There are an estimated three to four million children under the age of six who have no access to early learning in South Africa, mainly due to logistics and poverty.

This has a significant impact when they enter formal schooling and has a lasting effect throughout their schooling years, ultimately influencing their career options.

“This frightening statistic is the challenge that we are facing,” says Bonnie Haack, chief learning officer at Johannesburg-based NPO Cotlands, which recently saw a partnership with digital learning experts Blue Pencil Creative come to fruition.

Cotlands started life as a home for abandoned babies. In 2012, however, it shifted from being solely a residential unit for babies and small children to taking up a new challenge: early learning education from birth to the year before a child starts school.

As part of this initiative, they facilitated a comprehensive play-focused early learning programme (ELP) for children in marginalised communities that includes toy libraries and play groups.

The community-based programme relies on early learning facilitators (ELFs) from local communities to run the groups, which not only educates the children but empowers the facilitators.

“The ELFs undergo an induction into Cotlands’ learning culture and educational philosophy and are upskilled through Cotlands’ in-service training,” explains Haack, “but they should ideally have NQF Level 4 ECD (early childhood development) Practitioner training. Unfortunately, formal education is not accessible to most of our facilitators, which has an impact on the children they are training, leading to a vicious cycle.”

The partnership with Blue Pencil Creative has provided Cotlands with a SETA-accredited ECD-certified training programme, which highlights how NPOs can position themselves for a stronger, more sustainable future by linking up with ICT professionals to help them take their critical work to the next level.

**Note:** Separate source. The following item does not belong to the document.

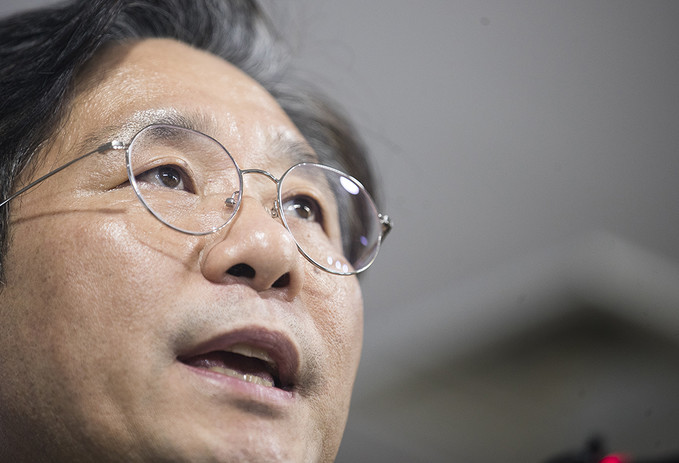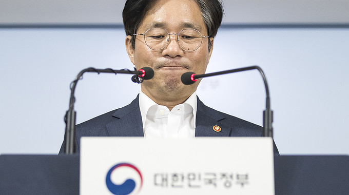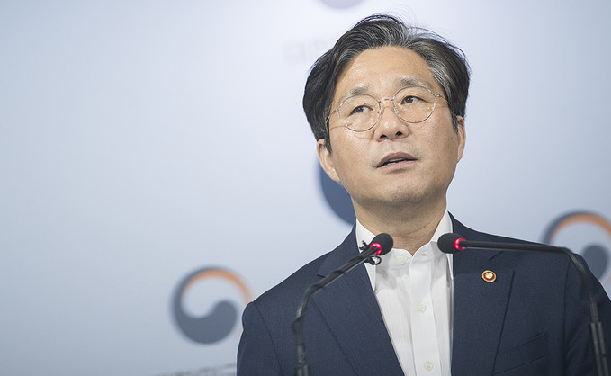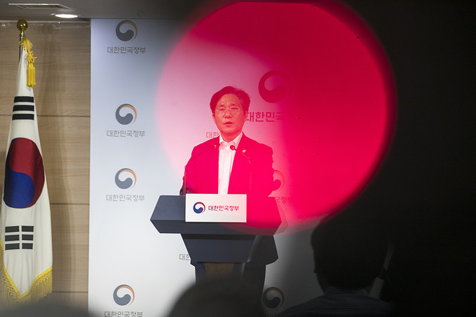 성윤모 산업통상자원부 장관이 9일 오후 서울 종로구 정부서울청사에서 일본 수출규제강화 조치 관련 브리핑을 하고 있다. 이날 성 장관은 일본이 제기한 불화수소 북한 반출 의혹에 대해 "일본은 근거 없는 주장을 즉시 중단하라"고 경고했다.

The fully-integrated end-to-end digital programme, which includes a learning component and online submission of portfolios, was launched in July 2020. Interactive and experiential, it allows students to work at their own pace and on any device: cellphone, laptop or iPhone.

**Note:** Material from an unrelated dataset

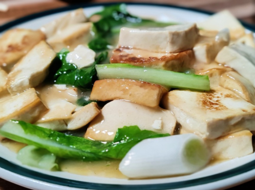老王的店里沒有什么菜單,能吃上什么菜全看老王當(dāng)天采購食材時相中了什么菜;老王的菜也沒有什么復(fù)雜技法和調(diào)料,憑著一鍋熬好的老湯和傳統(tǒng)燒制技藝,在濃濃的煙火中藏著最地道的家常滋味。紅燒大腸是鎮(zhèn)店招牌,清洗、焯水、鹵制層層把關(guān),爆炒后色澤油亮,軟糯中帶著嚼勁,醇厚香氣勾得人直咽口水;醋溜綠豆芽看似簡單,花椒炸香、熱油快炒,醋香與豆芽的清甜碰撞,爽脆可口;麻婆豆腐嫩而不散,紅油鮮亮,麻辣鮮香在舌尖炸開;炒面更是一絕,顛鍋翻炒間,每根面條都裹滿醬汁,配上脆脆的綠豆芽,噴香撲鼻;老式雞蛋湯則暖到人心坎,蛋花嫩滑,蝦皮提鮮,一口下去,渾身舒坦。最受歡迎的餃子,從搟皮到調(diào)餡全是老王愛人親手操作,豬肉大蔥餡料鮮香十足,煮好的餃子不好看卻飽滿圓潤,蘸上特制料汁,滿是家的味道。

“We have a dire need in the country for ECD trainers. They set the scene for everything that is to come,” says Adrian Ziller, MD of Blue Pencil Creative. ”If you instill in children a love of learning and a love of trying things with confidence … it is incalculable how much that will impact their lives.

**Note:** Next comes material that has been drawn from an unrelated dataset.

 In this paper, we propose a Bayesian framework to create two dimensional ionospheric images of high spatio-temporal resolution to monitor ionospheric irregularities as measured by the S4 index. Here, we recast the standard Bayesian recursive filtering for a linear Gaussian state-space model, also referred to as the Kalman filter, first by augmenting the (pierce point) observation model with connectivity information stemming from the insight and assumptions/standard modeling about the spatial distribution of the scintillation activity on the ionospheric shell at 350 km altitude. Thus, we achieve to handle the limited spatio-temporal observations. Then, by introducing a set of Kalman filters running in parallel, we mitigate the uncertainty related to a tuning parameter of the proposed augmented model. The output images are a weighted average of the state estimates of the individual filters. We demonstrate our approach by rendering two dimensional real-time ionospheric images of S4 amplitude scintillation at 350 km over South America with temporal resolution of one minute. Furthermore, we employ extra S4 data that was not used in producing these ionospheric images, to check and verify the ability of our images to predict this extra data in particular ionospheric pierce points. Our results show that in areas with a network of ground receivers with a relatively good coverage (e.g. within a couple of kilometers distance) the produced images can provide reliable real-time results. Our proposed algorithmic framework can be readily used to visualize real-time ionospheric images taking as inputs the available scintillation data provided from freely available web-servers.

“Cotlands is doing such innovative things to service their communities, and that is congruent with our philosophy,” Ziller adds. “We are very excited to be one of the first companies to pilot an entirely digital SETA-accredited training solution for an NPO.”

Cotlands’ executive and training administrator, Kerry Huggett, says the programme offers a gateway into formal education, based on workplace experience through recognition of prior learning. This is what Cotlands envisages: providing a career pathway for its facilitators to professionalise the services they offer. It is a vision that has now been brought into sharper focus.

Cotlands will ultimately be making the digital courses available to everyone, as they are far more affordable and accessible than existing classroom-based courses.